As mentioned, the second main form of recruitment was through the timar system, which was introduced during Murad I’s reign. Timar holders were those who were granted lands by the sultan in order to provide for their livelihood, in return for their military service as sipahi cavalrymen whenever it was required.[21] Although this was a successful method in maintaining a constant supply of soldiers and an early example of systematic conscription, again, it was based on the medieval practice of feudalism, and thus could also be considered a medieval method of recruitment. The later decline of the timar system towards the end of the sixteenth century, however, which gave way to paid soldiers, may suggest a transition to an early modern form of recruitment. Initial tactics that the Ottoman military used were also quite primitive. Imber indicates that Osman’s forces used mounted archery as their main military tactic, who attacked by surprise and retreated to defend themselves.[22] This was a fairly medieval tactic, widely used by Osman’s predecessors. The 1400s saw the emergence of raiders, or Akinjis, who were soldiers that raided areas with the purpose of scaring and weakening their opponents in the lead up to a major campaign. These raids were described by Konstantin Mihailović, who was in the ‘Ottoman army between 1453 and 1463’, as he states that ‘wherever [raiders] strike, they burn, plunder, kill and destroy everything,’ giving a sense of barbaric and unsophisticated warfare. [23] The raider remained a part of Ottoman warfare until 1595.[24]
The area which saw the most development within Ottoman military was undeniably the weaponry. While early Ottoman troops used ‘bows, swords, shields and small axes’, their encounter with cannons in the Balkans during the 1830s gave rise to technological developments and the adoption of cannons by the Ottomans in their sieges from the 1420s.[25] The Ottomans were quick to master gunpowder weaponry, as they had an abundant supply of saltpetre, a vital resource for the making of gunpowder, allowing the Ottomans to produce higher quality gunpowder.[26] In order to ensure effective and continuous supply, the Ottoman sultan also introduced the Corps of Armourers, a central supply system, which was responsible for the ‘manufacture and maintenance’ of weaponry.[27] This shows evidence of a centralised system within the army as well, which is significant considering centralised governance is an important feature of an early modern state. Besides guns and cannons, gunpowder was also used as an explosive in underground tunnels in order to destroy bastions of opposition fortifications.[28] Moreover (though initially limited) the Ottomans managed to establish a naval power consisting of ‘armed galleys’ that, according to Wiesner-Hanks, effectively enabled them to maintain control in the Mediterranean.[29] Consequently, although the Ottomans adopted gunpowder technology later than most European empires, it was able to maximise its use of military technology to its fullest in order to strengthen their military power and transform its military from a medieval to an early modern one.
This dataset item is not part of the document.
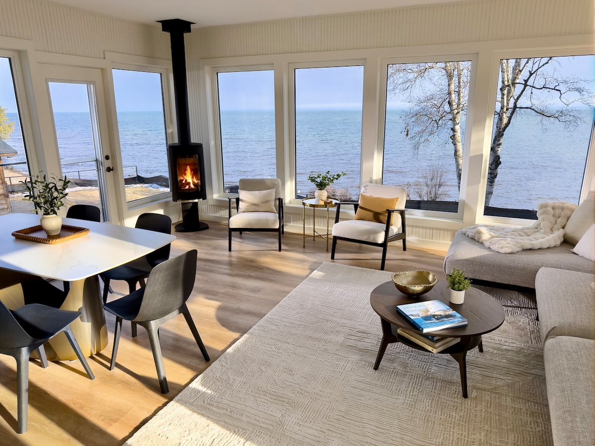 Storage containers converted into a Nordic sauna and living space. Set in the woods half a mile from the sandy south shore of LAKE SUPERIOR. Our two-person occupancy and minimal design are curated to re-focus and re-fresh its inhabitants. Located on 80 acres of private land, you will fall in love with the peace and quiet. Whether you’re looking for a romantic couples getaway, spa weekend, or workspace as a digital nomad, Sölveig Stay was designed to spark creativity and relaxation.

In terms of Ottoman economy, it would be reasonable to argue that it functioned on rather medieval systems. In addition to the presence of feudalism, the Ottoman economy was mostly agrarian and pre-mercantilist, even during the transition from the nineteenth to twentieth century.[30] Consequently, it does not seem to be an area that developed with the passing of time. Taxation seems to play a major role in generating revenue for the Ottoman central government, whether this was through the cizye, ‘a poll tax on non-Muslims’ under Muslim authority, or tax farming, known as the iltizam system.[31] The idea of tax-payment also varied according to different regions and occupations. For instance, in Sayda, Arabs paid a cash tax on ‘wheat and barley to local state depots’, while farmers in Mosul gave half of their produce to state depots, and tribesmen paid their tax according to ‘the number of tents or herds they owned.’[32] Although the process of taxation is not itself an early modern feature, as it existed in various forms during the medieval period, the clear and organised nature of tax collection in local areas suggests that the Ottoman ideas of tax collection were in some ways developed.[33]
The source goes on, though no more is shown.